Beyond our election gasps

SONALA OLUMHENSE FROM PUNCH

Remember that on February 25, some outgoing governors who were seeking to transit to the Senate were rebuffed at the polls.

Now, we wait.

We wait for the results of yesterday’s state elections.  For results that promise to alter Nigeria’s political landscape for the next generation.  Last week, governors seeking a second term were suddenly in retail campaign mode, showing up in places where they had never bothered to go, and speaking to the man in the street.  It is doubtful that any of them got some sleep last night.

So now we wait.

Remember that on February 25, some outgoing governors who were seeking to transit to the Senate were rebuffed at the polls.  Such governors usually line up their successors, in a bid to hold on to power even after they have left the building.  This week, we will find out what voters had to say about that age-old trick yesterday.

Of particular interest to me are the Houses of Assembly.  For two decades, one of two tricks has been deployed to enable the governor to do as he pleases: either his party packed the House with its members, or he would intimidate or buy off the loyalty of each one of them.

In that regard, there could be governors this week who find that they have sailed too far into the water but with no way of returning safely to shore.  Some will find that they can no longer simply be manipulators of men and money, but also must rule.  We wait.

Some of yesterday’s contests will go to court.  That is the system, and I celebrate it.

So we wait.

The presidential contest, amateurishly bungled by the electoral commission and desperately rigged in location after location, is already in court, with two of the larger political parties challenging the process.  The declared winner, Bola Ahmed Tinubu of the APC, last week accepted this course of events.

“This is inherent to the democratic process,” he said in a statement in which he described his election as ‘fair and credible,’ and that he defended the right of the aggrieved to exercise the legal rights Nigerian law allows them.

But he also interestingly observed that there have been times in Nigerian history “when our governing institutions created more questions than they answered.”

On that point, he said that the arc of our political history gives him confidence that Nigerians can overcome that past. “We have walked through the thick of the night to emerge into the light of brighter days to come. There is no good reason to retreat into the darkness of years past.”
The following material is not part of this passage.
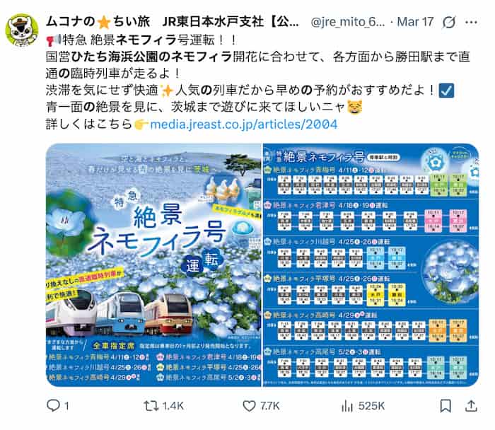 ちなみに、JR東日本は2026年春もネモフィラ観賞向けの記事を公開していて、臨時特急「絶景ネモフィラ号」の案内も出しています。

Fascinating reflection, given that his party has for eight years made Nigeria a jungle, and Nigerian citizenship a source of dismay and regret.  In January 2019, with every soul on earth clearly able to see how much of a catastrophe his government had been, Buhari infamously proclaimed that he had fulfilled the campaign promises he made in 2015.

Worse still, he returned two months ago and repeated the baseless claim that he has humbled insecurity, revived the economy and combatted corruption.

In what country did Buhari fight insecurity?  In a report last week, the United Nations Office for the Coordination of Humanitarian Affairs (OCHA) cited the 2023 Humanitarian Response Plan for north-east Nigeria, which was launched in Yola last month.  It seeks $1.3bn to provide critical lifesaving assistance to six million people.